** What is being asked **
Transcribe the full listing below, word for word, without pictures.

** Provided material **
>>
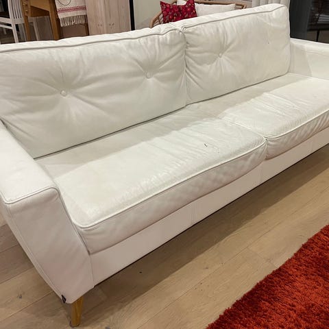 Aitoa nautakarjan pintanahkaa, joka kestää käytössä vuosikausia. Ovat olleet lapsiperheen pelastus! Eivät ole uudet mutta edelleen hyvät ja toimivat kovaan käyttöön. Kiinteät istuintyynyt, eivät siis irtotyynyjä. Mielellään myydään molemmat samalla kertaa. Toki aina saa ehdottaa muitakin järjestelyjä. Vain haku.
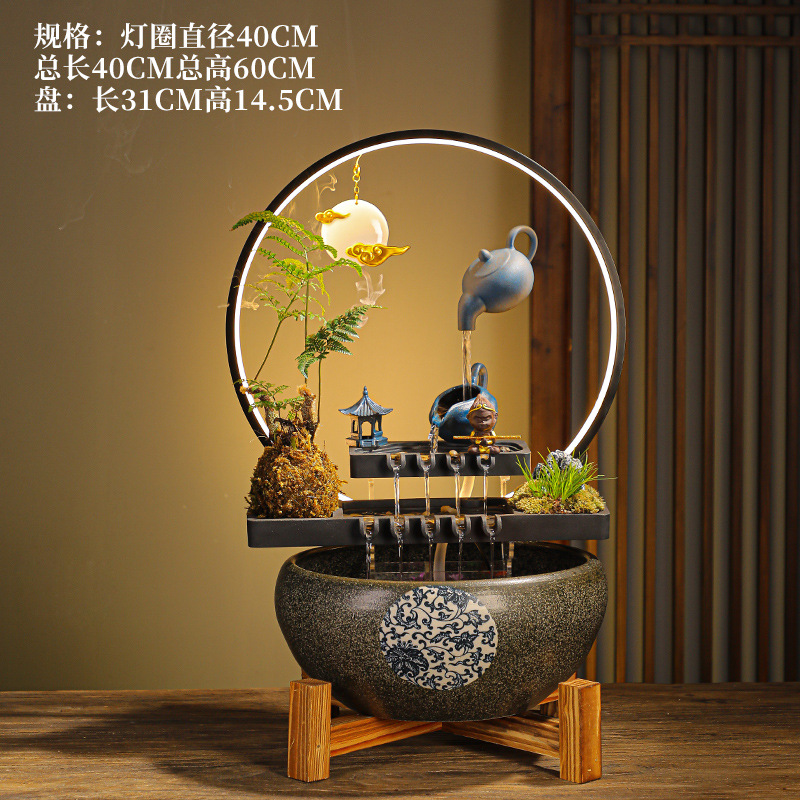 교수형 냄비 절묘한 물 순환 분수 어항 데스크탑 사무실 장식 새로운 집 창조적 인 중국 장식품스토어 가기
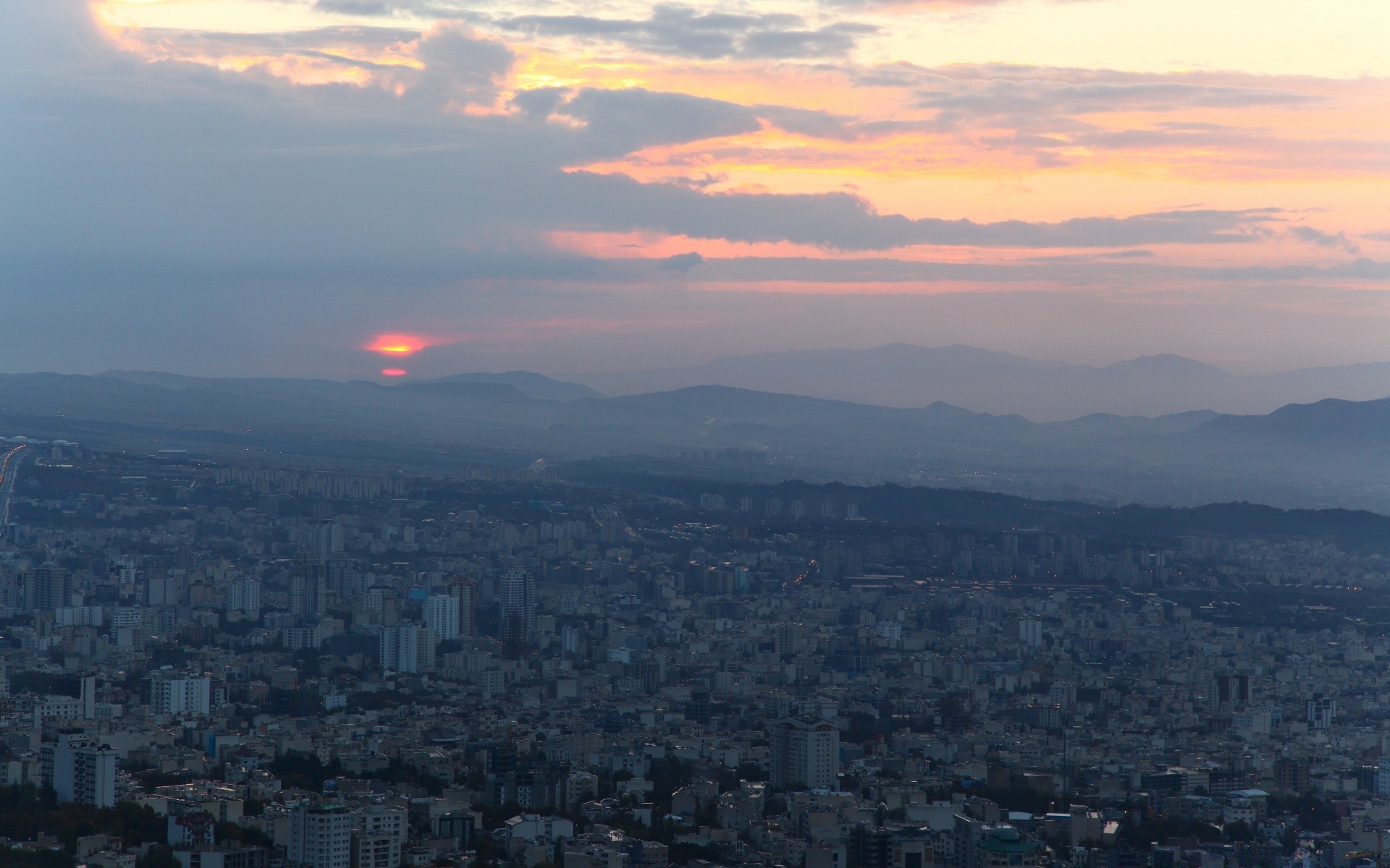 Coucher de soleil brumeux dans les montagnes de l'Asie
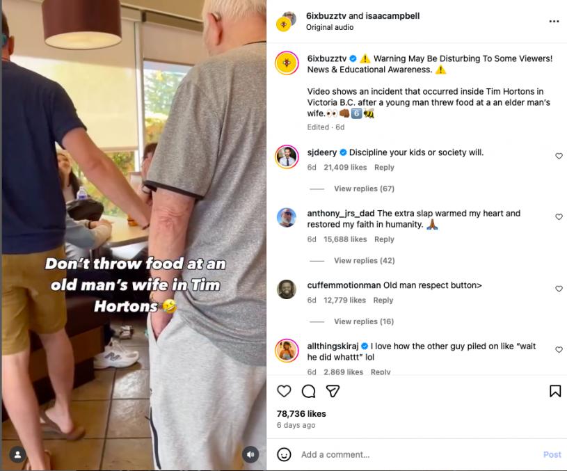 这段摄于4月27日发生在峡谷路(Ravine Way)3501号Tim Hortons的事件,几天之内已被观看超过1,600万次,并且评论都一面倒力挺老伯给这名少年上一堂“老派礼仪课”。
<<
** Exercise answer **
 Aitoa nautakarjan pintanahkaa, joka kestää käytössä vuosikausia. Ovat olleet lapsiperheen pelastus! Eivät ole uudet mutta edelleen hyvät ja toimivat kovaan käyttöön. Kiinteät istuintyynyt, eivät siis irtotyynyjä. Mielellään myydään molemmat samalla kertaa. Toki aina saa ehdottaa muitakin järjestelyjä. Vain haku.
 교수형 냄비 절묘한 물 순환 분수 어항 데스크탑 사무실 장식 새로운 집 창조적 인 중국 장식품스토어 가기
 Coucher de soleil brumeux dans les montagnes de l'Asie
 这段摄于4月27日发生在峡谷路(Ravine Way)3501号Tim Hortons的事件,几天之内已被观看超过1,600万次,并且评论都一面倒力挺老伯给这名少年上一堂“老派礼仪课”。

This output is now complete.